Freddy's Nightmares is an American horror anthology television series, which aired in syndication from October 1988 until March 1990. A spin-off from the A Nightmare on Elm Street film series, each episode is introduced by Freddy Krueger (played, as in the films, by Robert Englund), and features two different stories, with eight of them throughout the series actually having Freddy Krueger as the main antagonist. The pilot episode was directed by Tobe Hooper, and begins with Krueger's prosecution on child-murdering charges.

The series was produced by New Line Television, producers of the film series, and Stone Television. It was originally distributed by Lorimar-Telepictures. Afterwards, Warner Bros. Television would assume syndication rights after acquiring Lorimar-Telepictures in 1989.

Premise
Due to the murderous basis of Freddy Krueger, New Line Cinema opted not to develop a television series with a regular batch of characters to mix it up with Krueger on a continuous basis; deeming it futile, since he would inevitably kill most of them, and there would be no one left.  Instead the producers created an anthology series, employing a new crop of actors to be used for each episode.

Each episode tells a different story of a dark rooted and/or grim nature that takes place in the fictitious town of Springwood, Ohio, and in particular, on Elm Street; the same setting as the A Nightmare on Elm Street films. Though the Freddy Krueger character occasionally plays a part in the plot, most of the stories do not involve him (it is, however, often hinted that Krueger indirectly influenced the desolate nature of the plotlines).

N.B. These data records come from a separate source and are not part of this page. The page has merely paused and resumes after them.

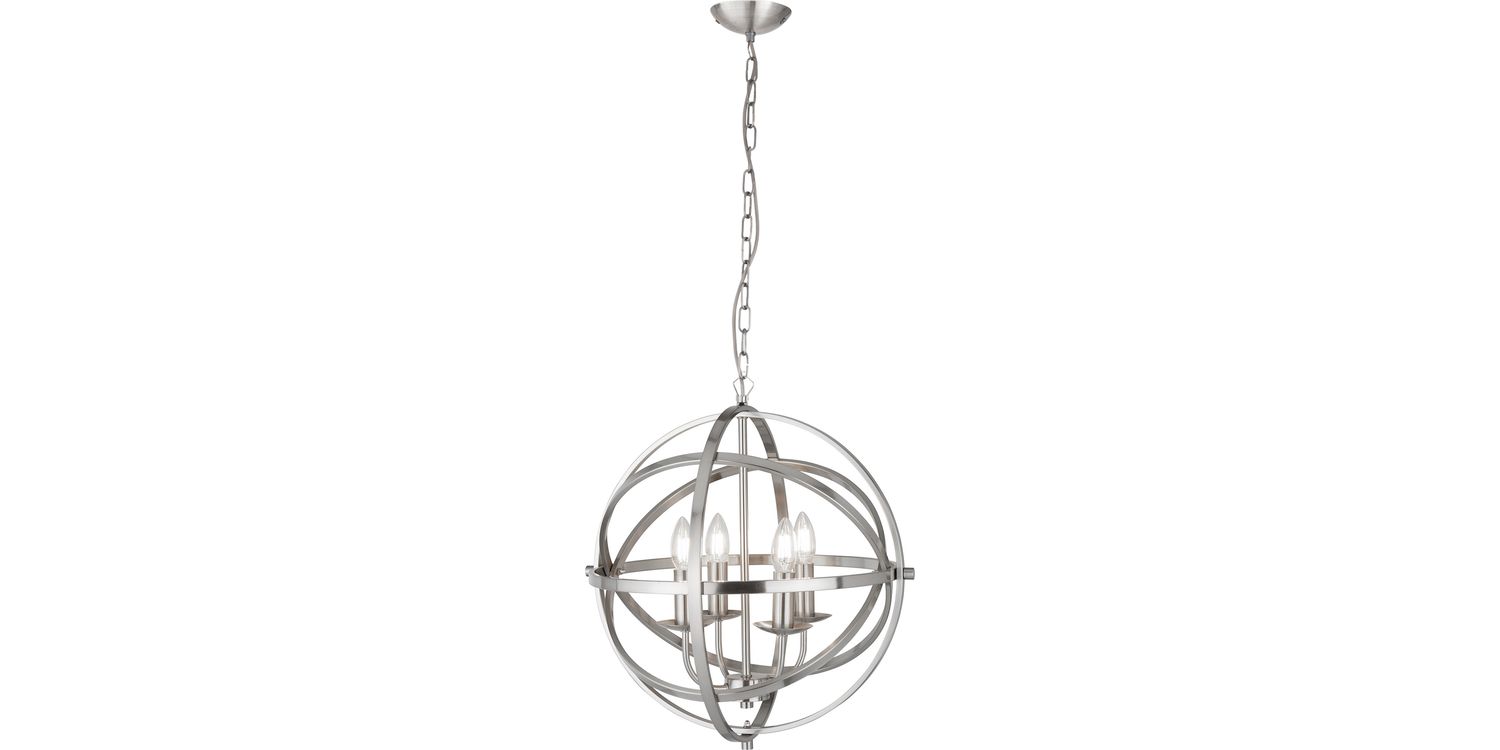 Update your interiors with this truly unique Orbit pendant light in satin silver. This pendant encompasses a cage frame that contains four vintage inspired candle lights. The pendant is available in a satin silver finish to give it a stylish edge. Use this special feature for meeting rooms or modern offices. 1200mm H x 450mm W x 450mm L 1200mm Total Height Bulb Type- E14 Not Included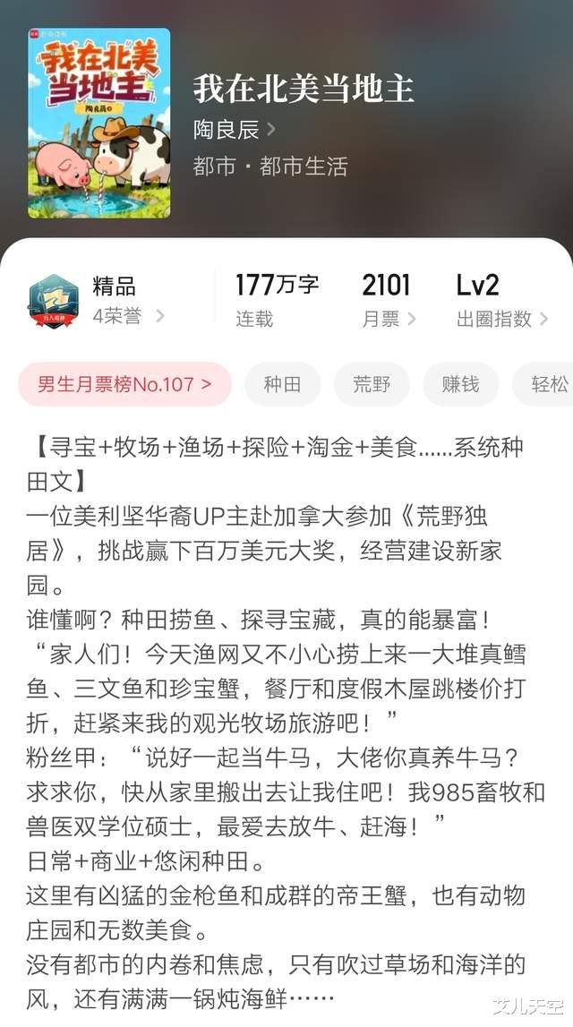 陶良辰多写美利坚背景的种田文,之前也多是精品成绩,到这本北美地主算是更进一步了。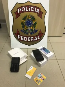 O aparelho celular foi recuperado na residência do principal investigado, durante cumprimento de mandado de busca expedido pela Justiça Federal de Londrina/PR.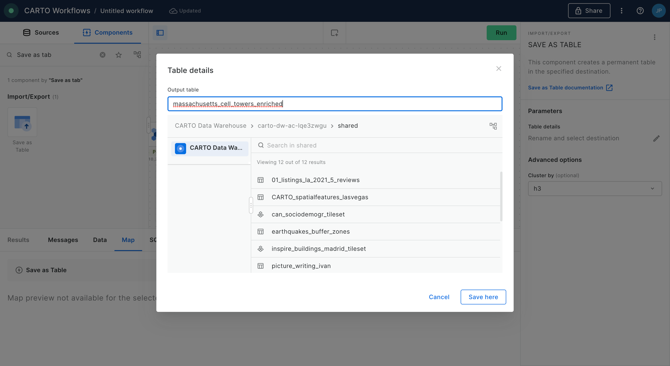 Finally, we are going to save the result of our workflow as a new table in our data warehouse. For that, we are going to add the component “Save as table” into the canvas and connect the output of the previous step where we performed the “Join” operation. In this example we are going to save the table in our CARTO Data Warehouse, in the dataset “shared” within “organization data”. We click “Run”.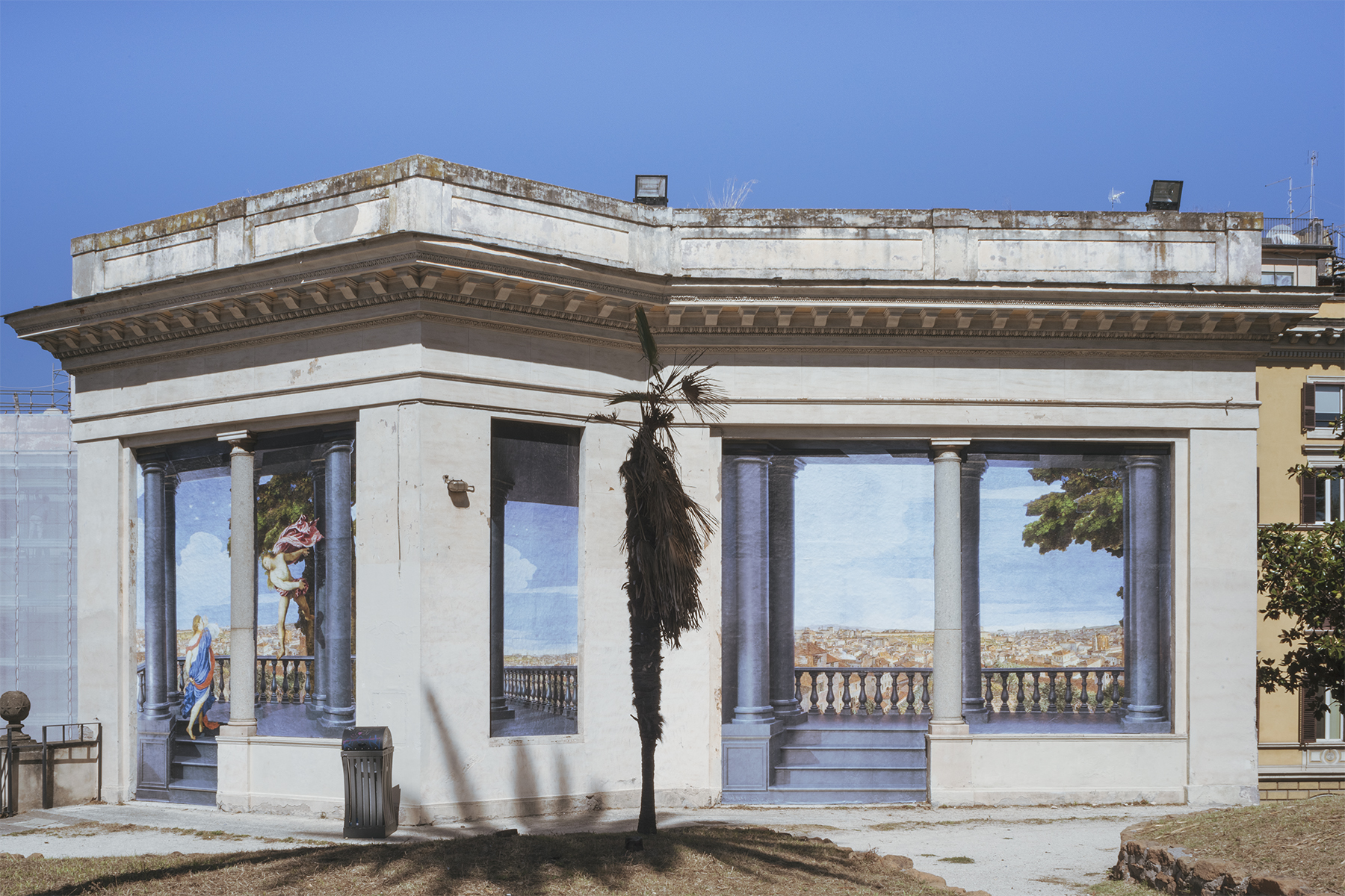 Promoted by: Roma Capitale, Assessorato alla Crescita culturale – Sovrintendenza Capitolina ai Beni CulturaliMedia partner: Dude MagThe site-specific installation ‘Loggia Aldobrandini ‘- that is totally eco-sustainable and reversible for the exclusive use of removable paper - is a kind of revisited ephemeral superstructure. It suggests perspective spaces inspired by the architectural views of the Renaissance and the Baroque Roman quadraturismo, but referring to modern architectural works, such as the blue building in Via Florence. The human presence is barely present in this imaginary view: the mythological figures are Bacchus and Arianna, from the homonymous painting by Tiziano.

Similar to the Crypt Keeper in Tales from the Crypt, Krueger's primary function is to host the series. He is featured in regular bumper segments, where he offers an ominous or slapstick reaction to the happenings of the episode—culminating in him giving a quick, and usually eerie, epilogue at the end.

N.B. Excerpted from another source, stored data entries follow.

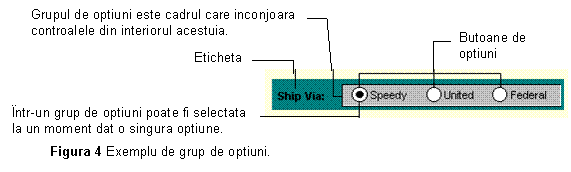 Grupul de optiuni (vezi figura 4) consta dintr-un cadru de grup si un set de casete de validare, butoane de optiuni sau butoane de comutare.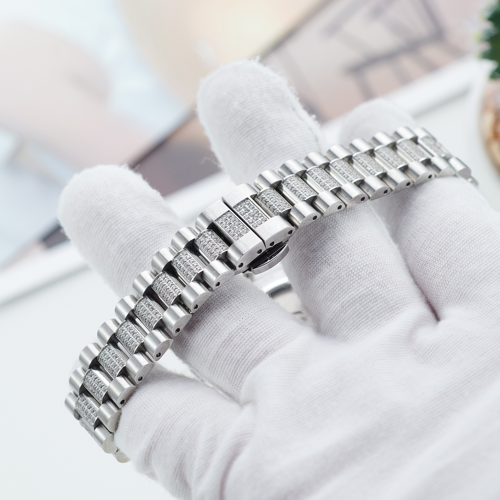 Dây đeo của đồng hồ Oblvlo RX-DD-SD-YLYS được làm từ kim loại không gỉ cao cấp, được đính đá tỉ mỉ, tạo nên vẻ đẹp sang trọng và quý phái. Dây đeo có độ bền cao, không bị gỉ sét hay phai màu theo thời gian. Thiết kế của dây đeo cũng được chú trọng đến sự thoải mái khi đeo, không gây cảm giác khó chịu hay bí bách. Các mắt xích được liên kết chặt chẽ với nhau, tạo nên sự chắc chắn và an toàn khi sử dụng. Dây đeo kim loại đính đá là một điểm nhấn quan trọng, góp phần tạo nên vẻ đẹp tổng thể của đồng hồ và làm cho nó trở nên nổi bật hơn.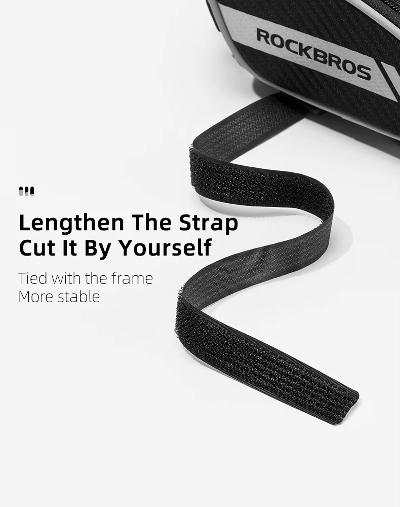 Alça Ajustável e Personalizável: A fita em velcro pode ser ajustada ou cortada conforme sua necessidade, garantindo encaixe firme no quadro da bicicleta e muito mais estabilidade durante o uso: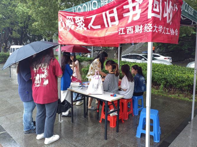 隨著現代科技的發展,越來越學生更青睞電子書籍,大部分的紙質書籍被荒廢甚至丟棄。對此,江西財經大學義工協會愛心積聚部與校外環保公益組織攜手于5月21日分別在麥廬園校區十二生肖廣場和蛟橋北區大禮堂門口舉辦面向全校師生的“愛心積聚,舊衣回收”公益回收活動。本次活動旨在動員同學們捐出閑置書籍,合理利用資源,弘揚愛心奉獻精神,助力環保事業。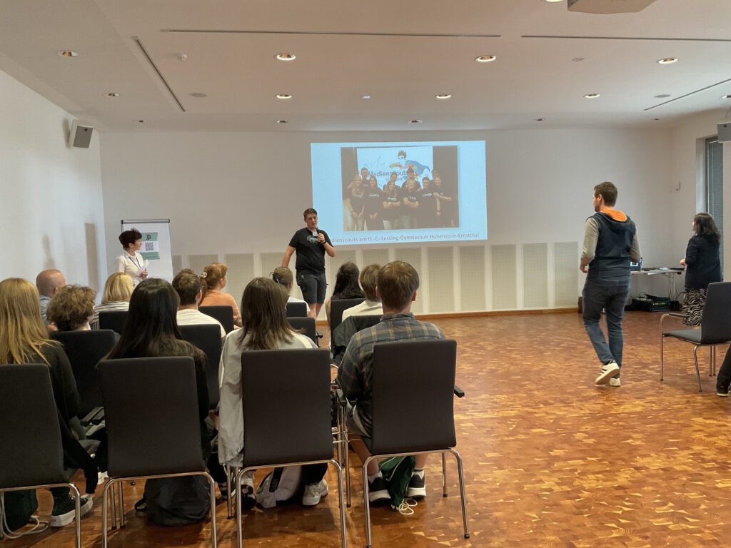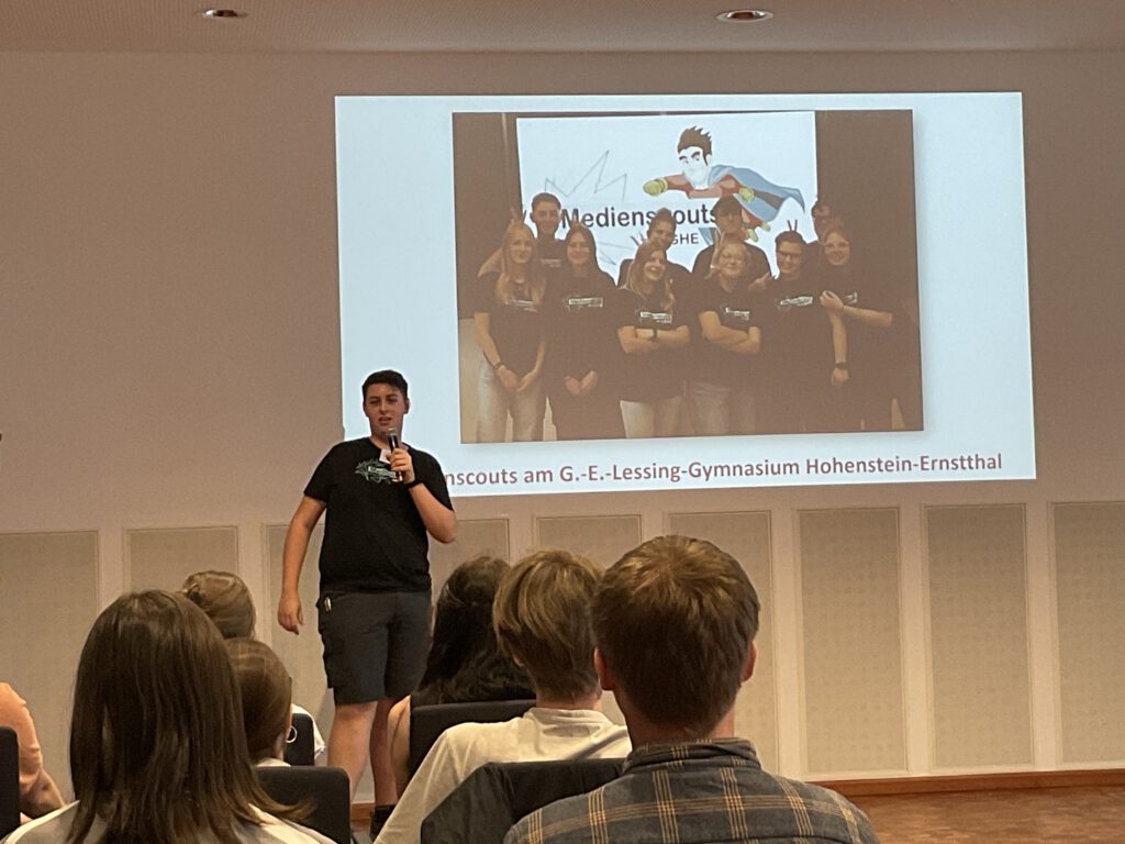 Am 28. Juni 2023 fand das 1. Medienscout-Netzwerktreffen Sachsens statt. Fünf Me- dienscouts unseres Gymnasiums fuhren nach Radebeul und nahmen an unterschied-lichen Workshops teil, z.B. Hate-Speech, Fake-News, Rhetorik, Gamification, Selbst-darstellung im Netz.

One element that made the series unique is its two-tier story approach. Most of the episodes feature two different stories that each take up the first and second halves. Every second story, however, usually built on a character who played a minor (or supporting) role in the first.

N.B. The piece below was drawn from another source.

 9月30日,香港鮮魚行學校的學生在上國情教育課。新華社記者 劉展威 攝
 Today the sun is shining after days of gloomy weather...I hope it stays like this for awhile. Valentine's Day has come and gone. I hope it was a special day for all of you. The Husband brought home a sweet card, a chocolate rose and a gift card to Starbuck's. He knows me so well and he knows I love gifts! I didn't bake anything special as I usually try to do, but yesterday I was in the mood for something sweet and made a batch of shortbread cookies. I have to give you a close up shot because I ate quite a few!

Several episodes throughout the second season form mini-arcs, with the events of one episode being followed up and/or referenced in a later episode. Examples of this include the episode "Interior Loft", which was given a direct sequel, "Interior Loft-Later" and "Lucky Stiff", which was followed up with "Easy Come, Easy Go".

Torrance High School was used as the filming location for Springwood High School, predating its use in later horror series like Buffy the Vampire Slayer.

Cast
The only actor from the film series retained for the TV series was Robert Englund, as Freddy Krueger.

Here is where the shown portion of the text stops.